John Barrowman Reprises Anything Goes Role at London's National

News   John Barrowman Reprises Anything Goes Role at London's National

Trevor Nunn's upcoming revival of Cole Porter's Anything Goes will begin previews at the National Theatre on Dec. 11 prior to a Dec. 18 opening.

Appropriately enough for a play set at sea, this production will be a transatlantic one, an American musical performed by a British cast.

Cole Porter was himself an Anglophile who spent much of his life in Europe, so he would have been delighted to have a musical of his at the National. Trevor Nunn has made something of a specialty of musicals during his career — with Oklahoma! and My Fair Lady two recent successes — and has preferred to direct American ones. The cast Nunn has collected for Anything Goes suggests that he's going to end his reign at the National in spectacular style.

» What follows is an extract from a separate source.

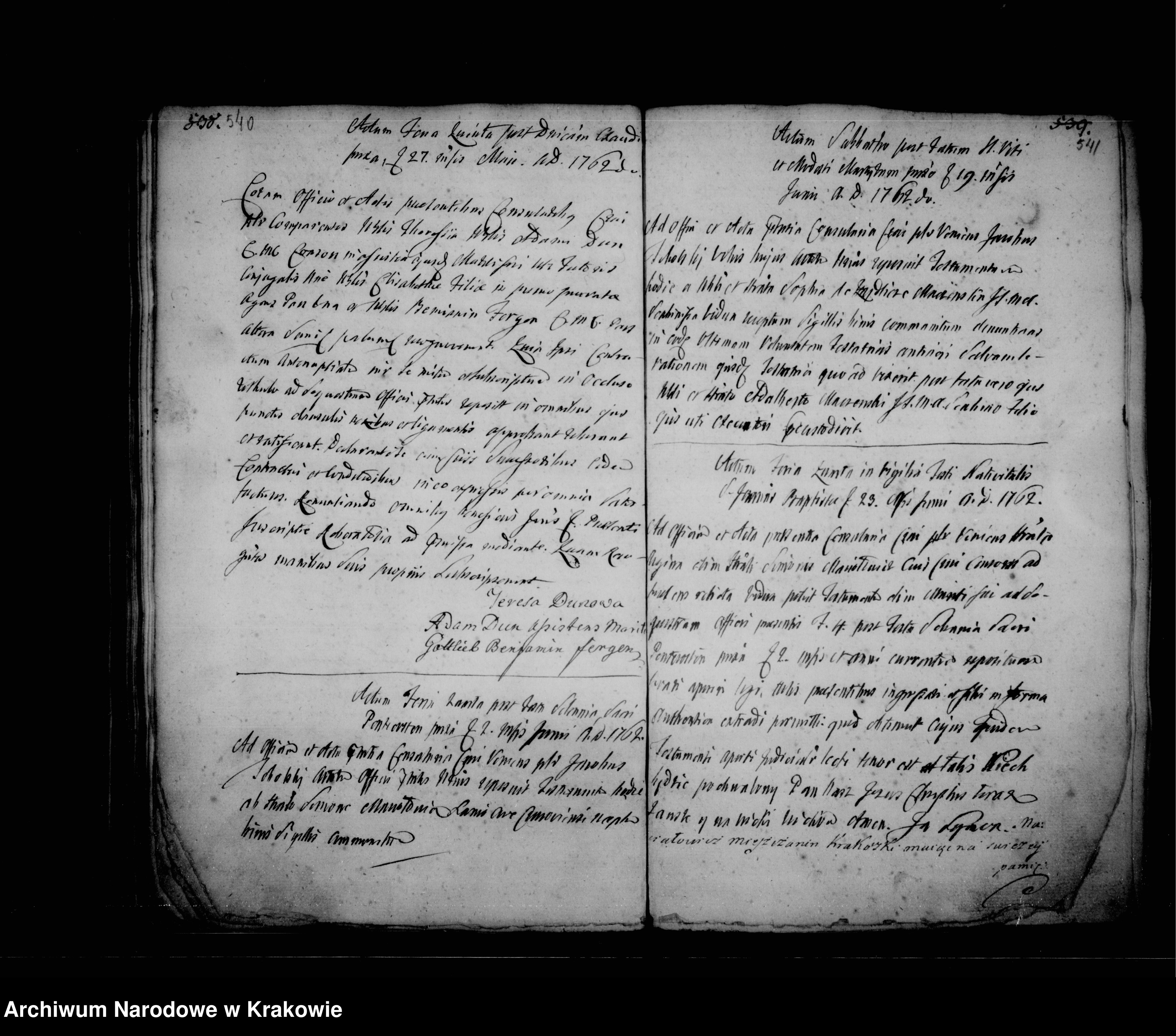 Widzę, że dokument jest spisany 27/05/1762 roku (2 dni przed ślubem). Więcej nie potrafię przeczytać.

Sally Ann Triplett, who will play celebrity evangelist turned nightclub entertainer Reno, is one of our most talented musical performers, who scored a great personal success in Jolson at the Victoria Palace six years ago, and who was as effective in the smaller-scale musical Rags at the Bridewell. Denis Quilley, who has a very long association with the National's musical productions, will play Eli Whitney, and John Barrowman will reprise the role of Billy Crocker that he played back in 1989 at the Prince Edward opposite the Reno Sweeney of Elaine Paige.

Barrowman is well known to West End audiences for his performances in Sunset Boulevard and Miss Saigon, and is also popular with American audiences. He was recently in Stephen Sondheim's Company at the Kennedy Center in Washington, D.C.

Anything Goes is a classic 1930s (Broadway 1934, London 1935) musical and includes standards "I Get a Kick Out Of You" and "You're the Top."

The National has commissioned a new book of the musical by Timothy Crouse and John Weidman — the original was by Guy Bolton and P. G. Wodehouse. Anything Goes has the sort of comic plot — with fugitive gangsters, upper-class twits and brassy showgirls — that Wodehouse reveled in, and it will be fascinating to see how the new book looks when the National finally unveils its production in December.